Copy out exactly, from the entries that follow, the line holding "Nhân dịp này, thay", the line holding "Caldare - Meuble", and all lines between them, but no pictures.
[[ Exercise inputs open ]]
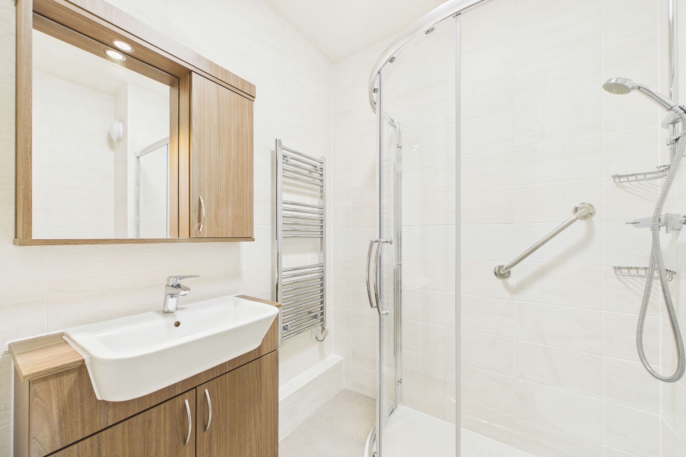 A stylish, modern three-piece shower room finished with fully tiled walls. The suite includes a double corner shower enclosure with a mains-fed shower and a supportive wall-mounted handrail. A vanity unit with inset wash basin provides useful storage, complemented by a mirrored cabinet incorporating a cupboard and downlight. Further features include a concealed-cistern WC and a wall-mounted heated towel rail, completing the room's contemporary feel.
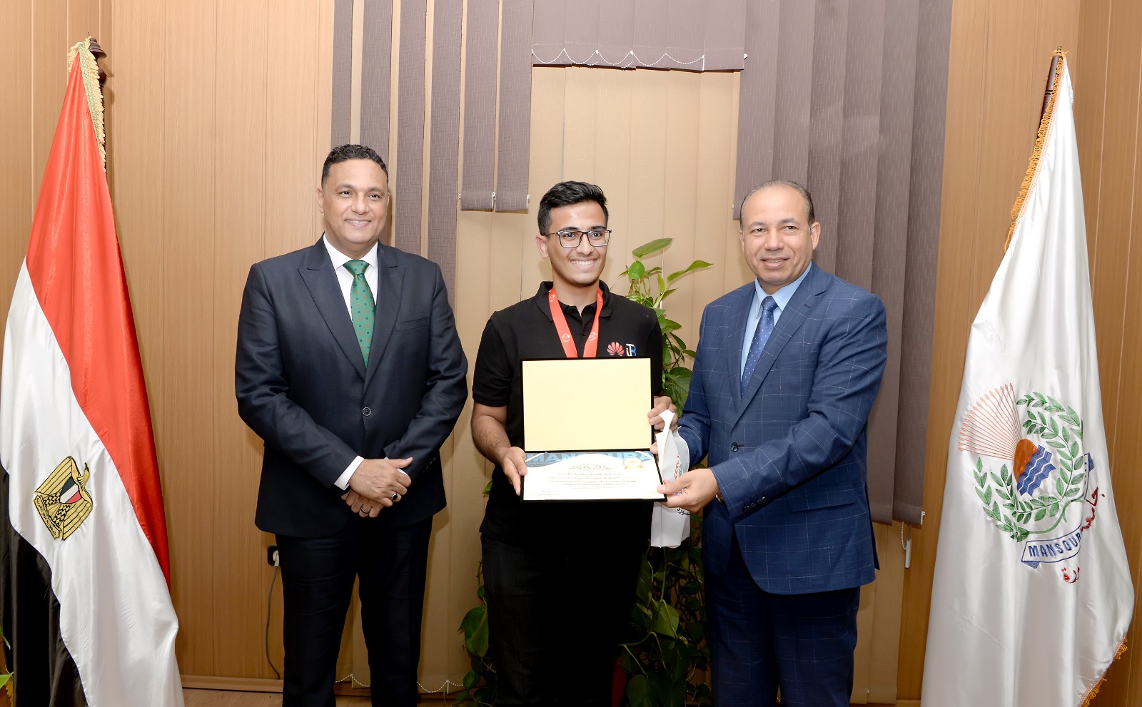 تم التكريم بحضور الدكتور محمد عبد العظيم عميد كلية الهندسة، الدكتور مجدى زكريا عميد كلية الحاسبات والمعلومات، الأستاذ الدكتور عبير توكل مدير فرع اكاديمية هواوي بكلية الهندسة جامعة المنصورة
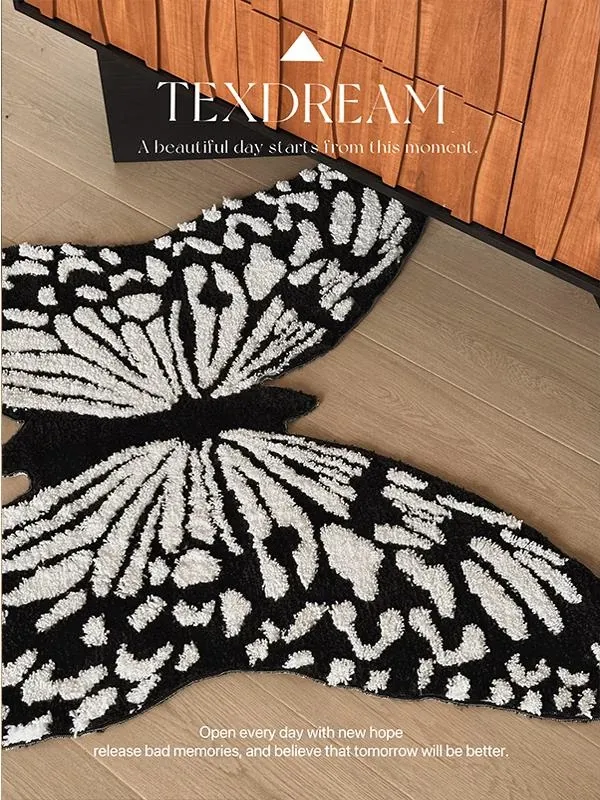 TEXDREAM Attitude Elegant Butterfly Area Rug - French Vintage Style Luxury Carpet for Living Room, Bedroom, and Chic Entryway Mat
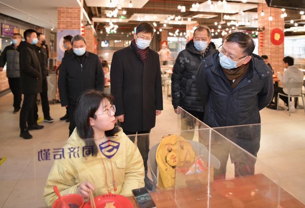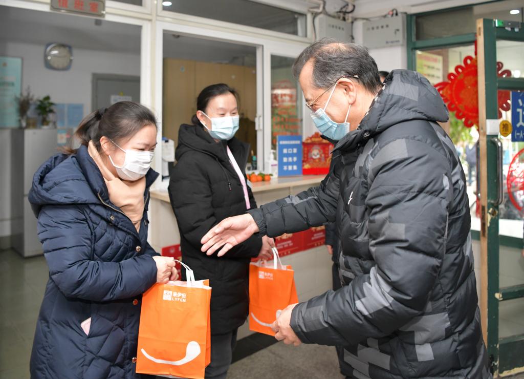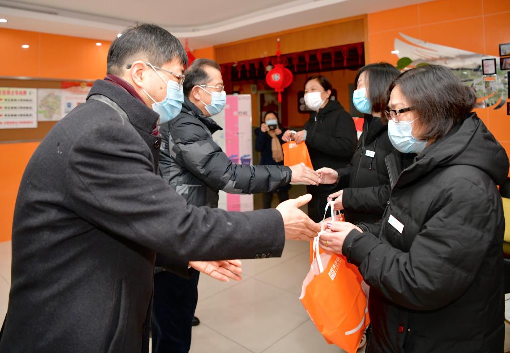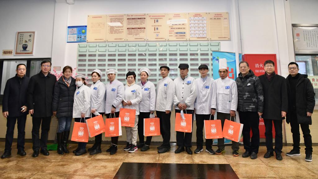 “新年好!给大家拜年了!”2月12日上午,方守恩一行先后来到四平路校区正门口、干训楼、西南九楼学生社区、西苑饮食广场、赤峰路200号门口,向在岗的保卫人员、服务员、宿舍管理人员、厨师表示亲切慰问,向他们送上新年大礼包,感谢他们放弃休息、辛勤值守,希望他们继续坚守岗位,为寒假春节期间留在学校的3千余名学生做好各项服务保障工作。在西苑饮食广场,方守恩还与在此免费就餐的留校学子亲切交谈,关切地询问他们留校的学习生活情况。
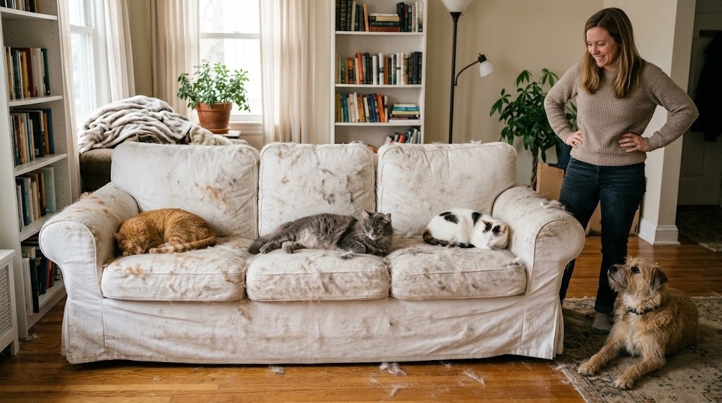 Получается, не мебель красит дом, а те, кто в нём живёт. Даже если они линяют круглый год. 🐾
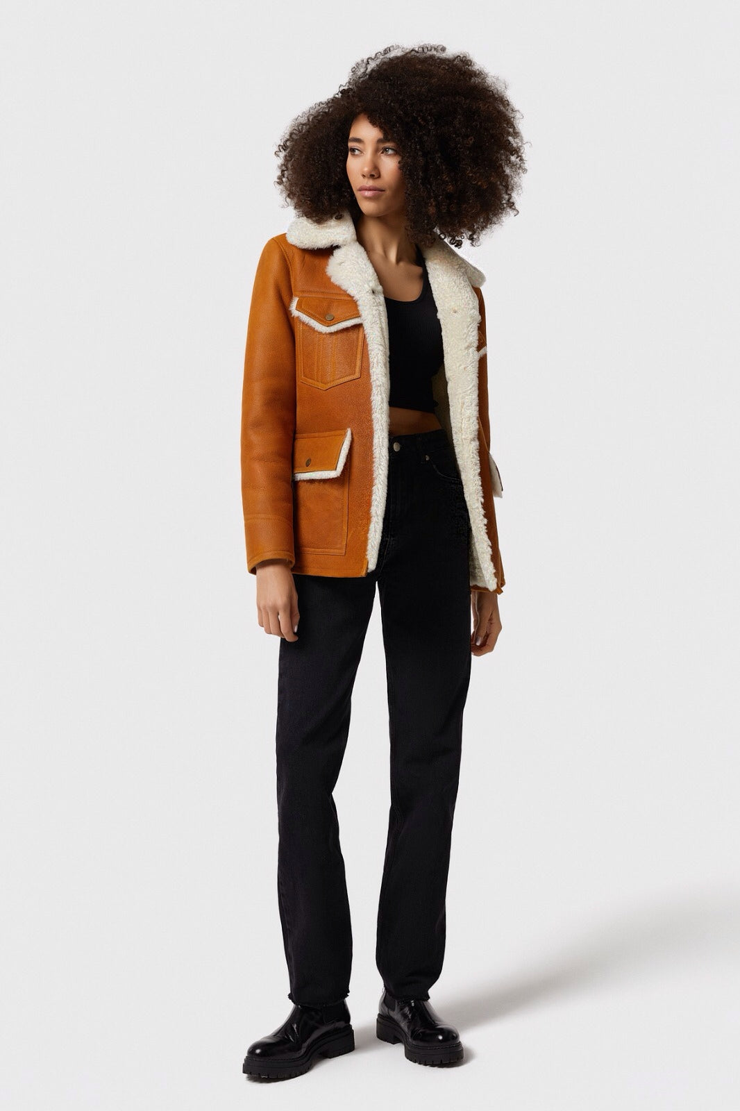 Our elevated take on the trucker jacket trend the coat is crafted from premium quality British double face sheepskin for all-over softness and warmth. Featuring exposed shearling on the collar and pocket, plus chest pockets, side pockets, and center snap closures for easy on-off, this thoughtfully-crafted jacket is an ultra-versatile outerwear piece that's perfect for layering over tees, sweaters.
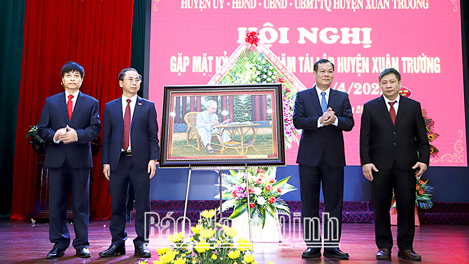Nhân dịp này, thay mặt Tỉnh ủy, HĐND, UBND tỉnh, đồng chí Phó Bí thư Thường trực Tỉnh ủy Lê Quốc Chỉnh đã trao tặng lẵng hoa tươi thắm và bức ảnh chân dung Chủ tịch Hồ Chí Minh cho Đảng bộ, chính quyền và nhân dân huyện Xuân Trường./.
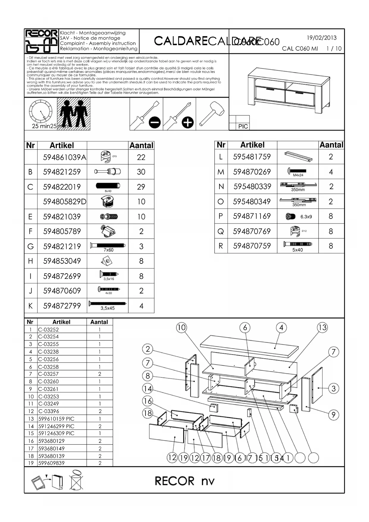Caldare - Meuble TV Pronto - Notice d'utilisation et mode d'emploi gratuit
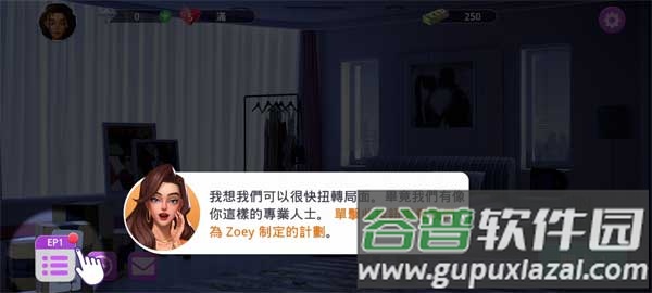 1、进入游戏后,点击左上角的地球图标,切换为“繁体中文”即可开始;首先点击左下菜单键,查看为女主角设定的各项计划。
[[ Exercise inputs closed ]]
- Answer to the problem:
Nhân dịp này, thay mặt Tỉnh ủy, HĐND, UBND tỉnh, đồng chí Phó Bí thư Thường trực Tỉnh ủy Lê Quốc Chỉnh đã trao tặng lẵng hoa tươi thắm và bức ảnh chân dung Chủ tịch Hồ Chí Minh cho Đảng bộ, chính quyền và nhân dân huyện Xuân Trường./.
Caldare - Meuble TV Pronto - Notice d'utilisation et mode d'emploi gratuit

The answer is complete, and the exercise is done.